Path: blob/main/sagemaker/18_inferentia_inference/sagemaker-notebook.ipynb
6544 views
Accelerate BERT Inference with Hugging Face Transformers and AWS inferentia
In this end-to-end tutorial, you will learn how to speed up BERT inference for text classification with Hugging Face Transformers, Amazon SageMaker, and AWS Inferentia.
You will learn how to:
- Convert your Hugging Face Transformer to AWS Neuron (Inferentia) 
- Create a custom - inference.pyscript for- text-classification
- Create and upload the neuron model and inference script to Amazon S3 
- Deploy a Real-time Inference Endpoint on Amazon SageMaker 
- Run and evaluate Inference performance of BERT on Inferentia 
Let's get started! 🚀
If you are going to use Sagemaker in a local environment (not SageMaker Studio or Notebook Instances). You need access to an IAM Role with the required permissions for Sagemaker. You can find here more about it.
1. Convert your Hugging Face Transformer to AWS Neuron
We are going to use the AWS Neuron SDK for AWS Inferentia. The Neuron SDK includes a deep learning compiler, runtime, and tools for converting and compiling PyTorch and TensorFlow models to neuron compatible models, which can be run on EC2 Inf1 instances.
As a first step, we need to install the Neuron SDK and the required packages.
Tip: If you are using Amazon SageMaker Notebook Instances or Studio you can go with the conda_python3 conda kernel.
After we have installed the Neuron SDK we can convert load and convert our model. Neuron models are converted using torch_neuron with its trace method similar to torchscript. You can find more information in our documentation.
To be able to convert our model we first need to select the model we want to use for our text classification pipeline from hf.co/models. For this example lets go with distilbert-base-uncased-finetuned-sst-2-english but this can be easily adjusted with other BERT-like models.
At the time of writing, the AWS Neuron SDK does not support dynamic shapes, which means that the input size needs to be static for compiling and inference.
In simpler terms, this means when the model is compiled with an input of batch size 1 and sequence length of 16. The model can only run inference on inputs with the same shape.
When using a t2.medium instance the compiling takes around 2-3 minutes 
2. Create a custom inference.py script for text-classification
The Hugging Face Inference Toolkit supports zero-code deployments on top of the pipeline feature from 🤗 Transformers. This allows users to deploy Hugging Face transformers without an inference script [Example].
Currently is this feature not supported with AWS Inferentia, which means we need to provide an inference.py for running inference. 
If you would be interested in support for zero-code deployments for inferentia let us know on the forum.

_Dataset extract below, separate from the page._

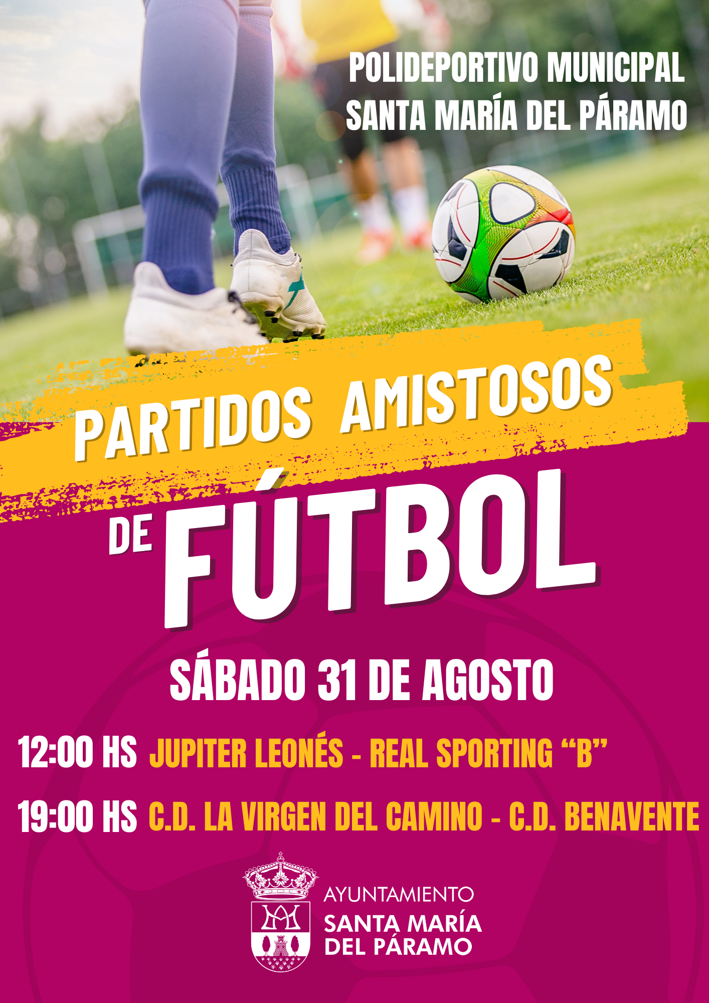 Sábado 31. Partido Amistoso de Futbol “C. D. Virgen del Camino – Benavente”. Lugar: Polideportivo. Hora: 19:00 hs.

To use the inference script, we need to create an inference.py script. In our example, we are going to overwrite the model_fn to load our neuron model and the predict_fn to create a text-classification pipeline. 
If you want to know more about the inference.py script check out this example. It explains amongst other things what the model_fn and predict_fn are.
We are using the NEURON_RT_NUM_CORES=1 to make sure that each HTTP worker uses 1 Neuron core to maximize throughput.
3. Create and upload the neuron model and inference script to Amazon S3
Before we can deploy our neuron model to Amazon SageMaker we need to create a model.tar.gz archive with all our model artifacts saved into tmp/, e.g. neuron_model.pt and upload this to Amazon S3.
To do this we need to set up our permissions.
Next, we create our model.tar.gz.The inference.py script will be placed into a code/ folder.
Now we can upload our model.tar.gz to our session S3 bucket with sagemaker.
4. Deploy a Real-time Inference Endpoint on Amazon SageMaker
After we have uploaded our model.tar.gz to Amazon S3 can we create a custom HuggingfaceModel. This class will be used to create and deploy our real-time inference endpoint on Amazon SageMaker.
5. Run and evaluate Inference performance of BERT on Inferentia
The .deploy() returns an HuggingFacePredictor object which can be used to request inference.
We managed to deploy our neuron compiled BERT to AWS Inferentia on Amazon SageMaker. Now, let's test its performance of it. As a dummy load test will we loop and send 10000 synchronous requests to our endpoint.
Let's inspect the performance in cloudwatch.
The average latency for our BERT model is 5-6ms for a sequence length of 128.

Delete model and endpoint
To clean up, we can delete the model and endpoint.